32. Bölüm - Benim solumdaki kişi

1K 115 246
                                    

**** (SEHUN)

Chanyeol ile iki saat süren oyunumuz bittiğinde beklemeden kalkmıştım. Eğer bana kalsaydı ilk turda evime gidecektim. Ama o kadar ısrarcı davranmıştı ki kalmak zorunda hissetmiştim. Zaten bu da ayrı garipti. Chanyeol, bana karşı daha önce bu kadar ısrarcı biri olmamıştı. Baekhyun gibi o da isteklerimi dikkate alır, ne dediysem üzerime fazla gelmezdi. Muhtemelen Seyoon'u biliyordu, Baekhyun'un anlattığını düşünüyordum.

Yine de bir şekilde Chanyeol ve Baekhyun'un elinden kurtulup evimin kapısına gelmiştim. Kilidi deliğe takıp kapıyı açtığımdaysa kocaman gülümsedim. Luhan ile henüz 1 haftadır beraberdik ama ben çoktan ondan bir saat bile ayrı kalamayacak bir hale gelmiştim.
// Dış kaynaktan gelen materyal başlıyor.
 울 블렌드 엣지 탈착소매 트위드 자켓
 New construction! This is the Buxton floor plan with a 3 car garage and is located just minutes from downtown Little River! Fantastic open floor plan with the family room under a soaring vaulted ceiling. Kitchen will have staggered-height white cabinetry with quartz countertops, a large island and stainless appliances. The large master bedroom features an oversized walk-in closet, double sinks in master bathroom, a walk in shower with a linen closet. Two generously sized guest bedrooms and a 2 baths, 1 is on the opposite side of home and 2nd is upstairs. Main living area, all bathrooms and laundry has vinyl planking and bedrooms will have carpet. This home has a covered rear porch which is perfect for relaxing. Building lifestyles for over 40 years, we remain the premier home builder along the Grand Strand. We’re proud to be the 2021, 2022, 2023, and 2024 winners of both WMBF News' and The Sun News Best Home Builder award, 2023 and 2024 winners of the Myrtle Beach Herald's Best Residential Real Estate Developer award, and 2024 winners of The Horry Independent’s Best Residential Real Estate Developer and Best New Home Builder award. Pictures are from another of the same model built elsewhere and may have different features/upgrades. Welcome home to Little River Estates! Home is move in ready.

Onun hayatımın aşkı olduğunu hissediyordum. Aslında en başından beri bunu bilsem de artık çok daha emindim. Biz birbirimiz için yaratılmış gibiydik. Çünkü başka kimseyi bilmiyordum kollarıma aldığımda dünyam burada diyebildiğim... Ya da başka kimse yoktu varlığıyla bile huzur bulduğum... Ondan başka kimse yoktu kokusunu hissettiğimde gerçek bir nefes aldığımı bildiğim... Bir tek Luhan vardı. Bir tek onunla tam gibiydim. Eksik olan elmamın diğer yarısıydı. Çoktan içimi onunla tamamen doldurmuştum.

"Luhan?" eve girdiğim gibi ona seslenmiştim çünkü acilen kollarımın arasına almam gerekiyordu. İlerledikçe burnuma gelen hafif yanık kokusundan dolayı yüzümü buruşturup tekrar Luhan'a seslendim. "Luhan, evde misin?" Işık falan da yanmadığı için meraklanmaya başlamıştım. Bir işi olsaydı bana haber verirdi bence.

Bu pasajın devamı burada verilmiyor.